For all the worry, the protests were nonexistent Thursday and Friday. On Saturday, some 7,000 protesters gathered for nonviolent marches but there were 38 arrests.

Ever since the debacle of the World Trade Organization meeting in Seattle two years ago, store windows have been shattered and tear gas has been the official odor of meetings of world leaders. But near Park Avenue this week, windows were intact and the strongest smells have emerged from the coffee cups as idle police officers seek a place to stay warm.

Thus, New York bore no resemblance to Genoa, Italy, last summer, which was wrapped with razor wire to protect leaders of industrialized nations for their annual summit. Genoa was a ghost town of empty sidewalks and locked steel grates.

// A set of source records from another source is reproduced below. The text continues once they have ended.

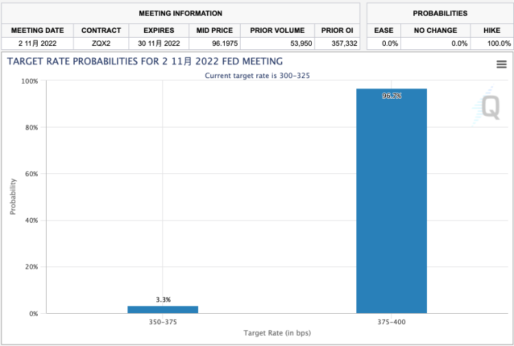 目前,芝加哥商品交易所美联储观察工具显示,市场预期11月再加息75个基点的可能性接近96%。
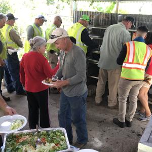 Three days ago, a group of linemen restored power to a family on the hillside that they have come to know well. The family said they must come to lunch today, and so at noon as planned, lots and lots of trucks parked along the narrow road in front of their home. A man handed each lineman a plate, and a scraggly, blind dog and loud, begging cat darted about the makeshift cafeteria on the patio.
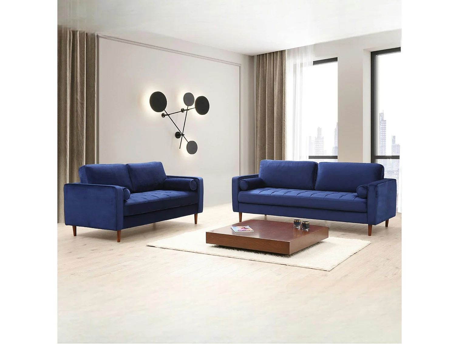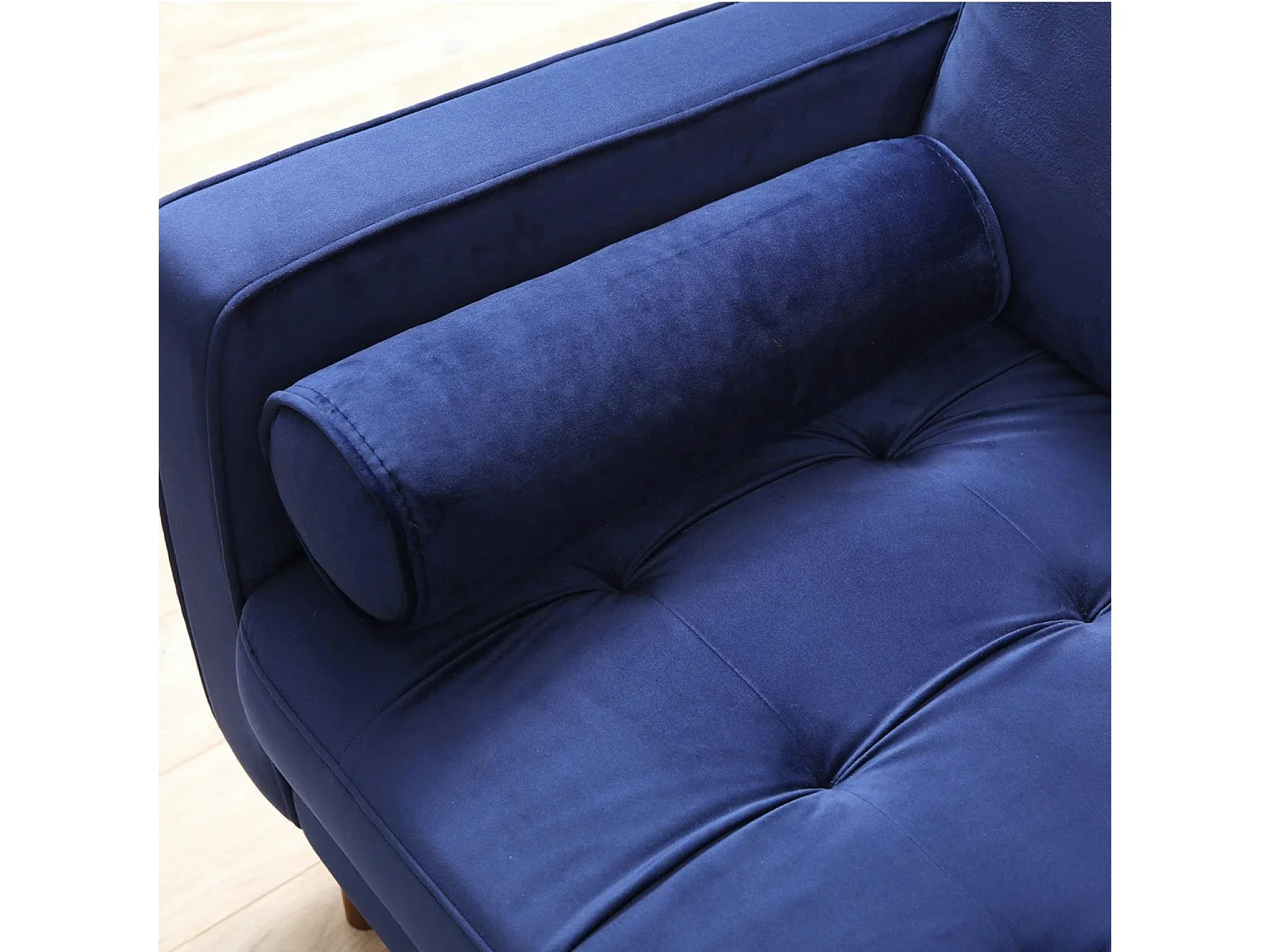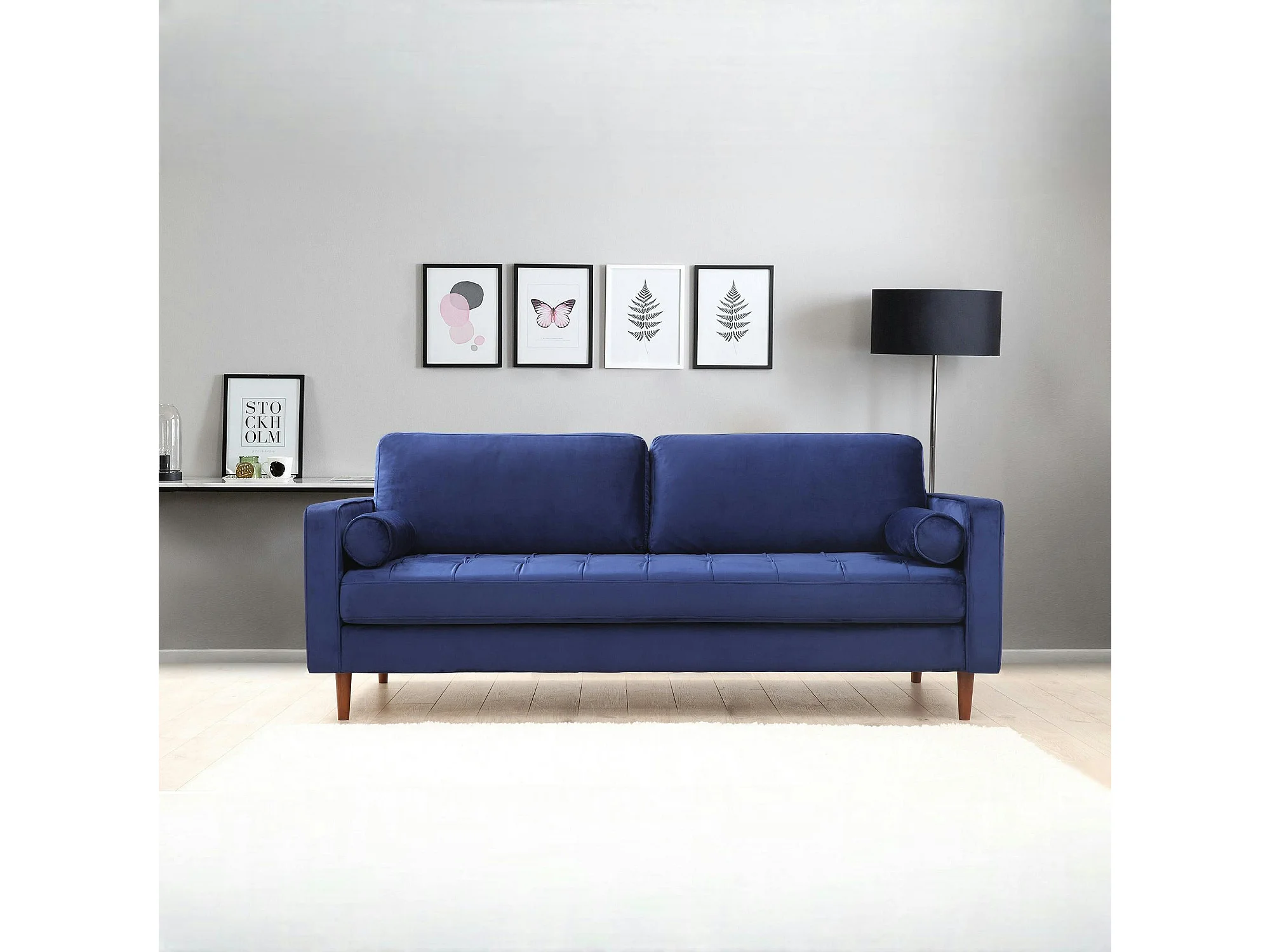 Canapé 3 places velours bleu avec coussins polochons CHIBA
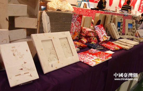 圖為第三屆海峽兩岸文博會臺灣文創(chuàng)展區(qū)展出的,使用再生紙和花朵制作成的相框、記事本。(中國臺灣網(wǎng) 張弛 攝)
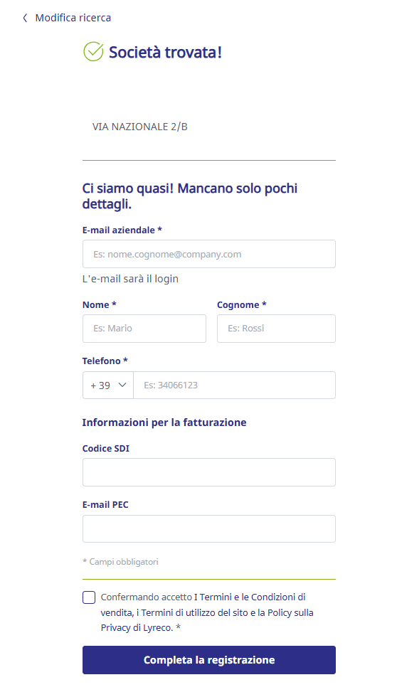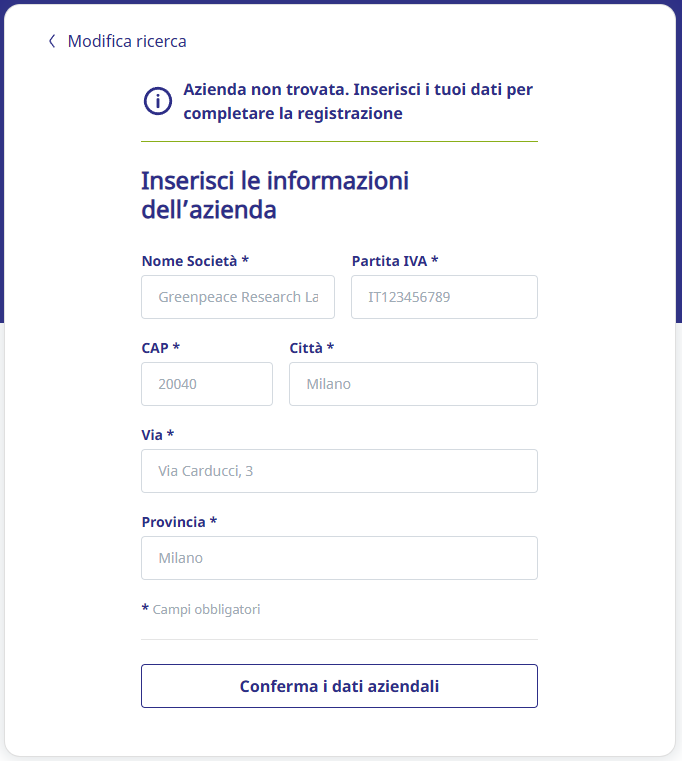 Se la tua azienda non viene trovata, seleziona Non trovo la mia Società per inserire i dettagli manualmente:
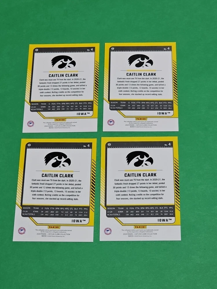 You will receive the exact cards pictured. This Lot of 4 Caitlin Clark Rookie 2024 Panini Donruss Iowa Hawkeyes Card No. 4. Pay only $1.50 for shipping on your first cards won & 50 cents per lot of cards won in auctions up to $5.00. $5.00 is the maximum shipping you will pay, no matter how many cards you win! Please wait until you are done with all your purchases and I will send a combined shipping invoice within 24 hours. Please check out all of my other great auctions going on now! I have several Caitlin Clark Auctions going on now! Thanks for looking & good luck!!
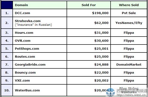 DN榜:三字母域名DCC.COM以134萬元奪冠!“保險”域名被終端拿下西部數(shù)碼(west.cn)7月14日消息,本期的DN交易榜(7.3-7.9)上,高價成交的域名還不少,一掃往日夏季域名市場蕭條的狀態(tài)。本期奪得DN榜冠軍的是三字母域名DCC.COM,成交價為19.8萬美金,約合人民幣134萬元。 域名DCC.COM注冊于1997年9月,距今快20年歷史了。作為ABB型域名,DCC.COM品相出眾,簡短易記,而且又是三聲母域名,對應(yīng)諸多豐富詞語,比如“多查查、調(diào)查處、冬蟲草、搭錯車、電磁場、大操場、電池廠”等,可廣泛用于醫(yī)療、科學(xué)、信息查詢、交通出行等領(lǐng)域,應(yīng)用空間很大。據(jù)了解,域名DCC.COM是私下交易的,其高達134萬元的成交價讓其躋身目前為止今年成交價最高的20強域名之列。 排名第二的是域名Strahovka.com,成交價為62,000美元,約合人民幣42萬元。這個域名注冊于2005年5月,是俄語中“保險”的意思,特別適合搭建保險行業(yè)終端網(wǎng)站。據(jù)whois查詢,域名Strahovka.com已在7月7日轉(zhuǎn)移到了終端買家payoneer.com名下。 隨后是以31,000美元和30,600美元在Flippa平臺成交的域名hours.com和ovr.com,約合人民幣21萬元。前者是英語常用單詞,是“小時、時辰”的意思,可用來搭建服飾、美容、以及在線電商等終端網(wǎng)站,應(yīng)用空間不錯。后者ovr.com則有“哦VR”的意思,適合用于虛擬現(xiàn)實領(lǐng)域。 本期榜單的第五名來自英文組合域名petshops.com,成交價為25,001美元,約合人民幣17萬元。該域名早在1996年就已注冊,其“寵物店、寵物商店”的含義清晰,指向明確,非常適合搭建寵物銷售網(wǎng)站或者寵物其他相關(guān)服務(wù)平臺。 另外,緊隨其后的域名routes.com也拍出25,0000美元價格,該域名是“路徑、路途”的意思,可搭建旅行相關(guān)平臺。其他域名,比如 “快活”Bouncy.com、vxe.com、“水上巴士”waterbus.com、“洋蔥”O(jiān)nions.com、“打印、印刷”Print.net等也以不錯價格成交。 其他交易域名詳見下圖:
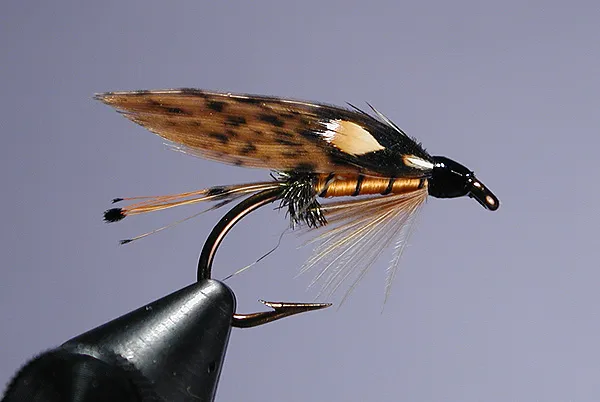 Here again I made use of speckled hen wing quills in place of the traditional mottled turkey. Don't they look nice? This is a real pretty fly. Not flashy, but certainly not dull by any means.
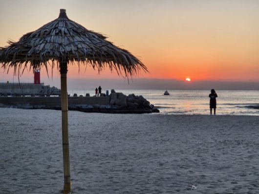 '서핑 성지' 강원 양양군 현남면 인구해변 앞으로 붉은 해가 떠오르고 있다./사진제공=뉴스1 |
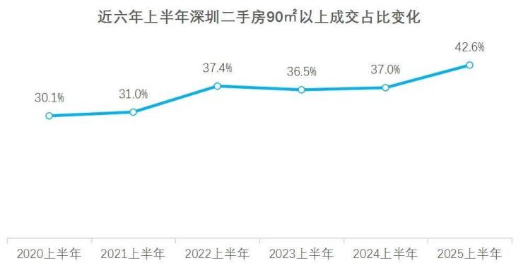 深圳贝壳研究院监测,2025上半年深圳二手房成交中,90㎡以上成交占比为42.6%,是近六年上半年以来首次突破四成。
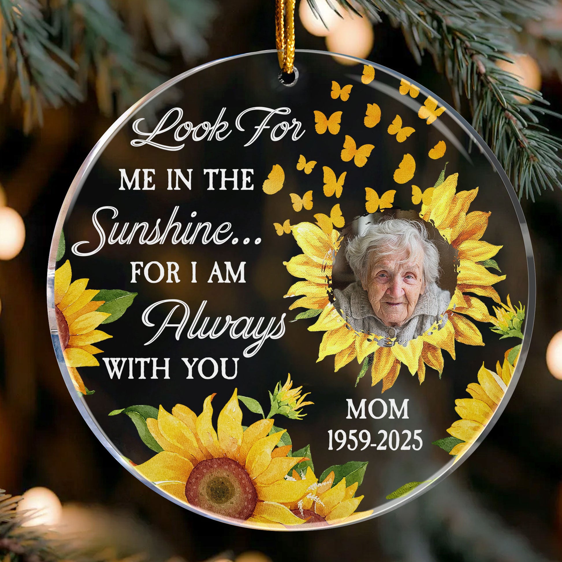 Bring comfort and warmth to your loved ones with the Look For Me In The Sunshine - Personalized Acrylic Photo Ornament. As a Circle Acrylic Ornament, this product ensures to preserve your sentimental memories and foster family connections. It invites you to experience the joy of reminiscing by integrating your very own photos into the design. Perfect for Memorial events, birthdays, Christmas, anniversaries, or any occasion... This ornament brings a thoughtful element to any festive gathering or intimate family moment.

In contrast, traffic buzzed slowly around the East Side, and participants at the conference scooted across Lexington Avenue to pick up a latte at Starbucks. "Look!" said one amazed veteran of recent global conferences, "They've still got windows!"

But if the ranks of the protesters were thinned, so were the ranks of the entrepreneurs.

A few years ago in Davos the world seemed more prosperous and the stars of the show were Bill Gates, the Microsoft chairman, and Silicon Valley CEOs who ran seminars like "Wiring the World," and mixed it up with bureaucrats on the question of whether the Internet would foster so-called virtual democracies -- like-minded people of many lands bringing about change.

This year, the seminars have more down-to-earth subjects, like survival. There was "The Future of Terrorism: What Are the Next Threats?" and "Crisis Management: Look Out Ahead."

Three years ago, Ted Turner entertained the elites with a discussion of how far media conglomerates could reach, boasting that CNN was making national borders irrelevant. Government officials sheepishly agreed.

But now borders are back and being secured. So is the power of government over private enterprise.

On Friday, the subject of one media panel was whether the American military would be within its rights to bomb broadcast facilities of al-Jazeera, the Arab satellite network, if it appeared to be giving aid to the enemy.

Former Senator Sam Nunn of Georgia warned that unlike nuclear material -- which is almost all controlled by governments -- chemical and biological agents are overwhelmingly in the hands of private industry, and that the responsibility should fall on corporations to devise ways to keep such material out of the hands of those who would misuse them.

"We're going to have to have a private sector effort here," he said, noting that if he were in business, "I'd want to get out in front" before the biological version of a Three Mile Island nuclear accident led to the imposition of "regulations that will stifle commerce."

Then the dispirited executives went to lunch, so that they could brace themselves for the afternoon session, "New Sources of Vulnerability: Thinking the Unthinkable."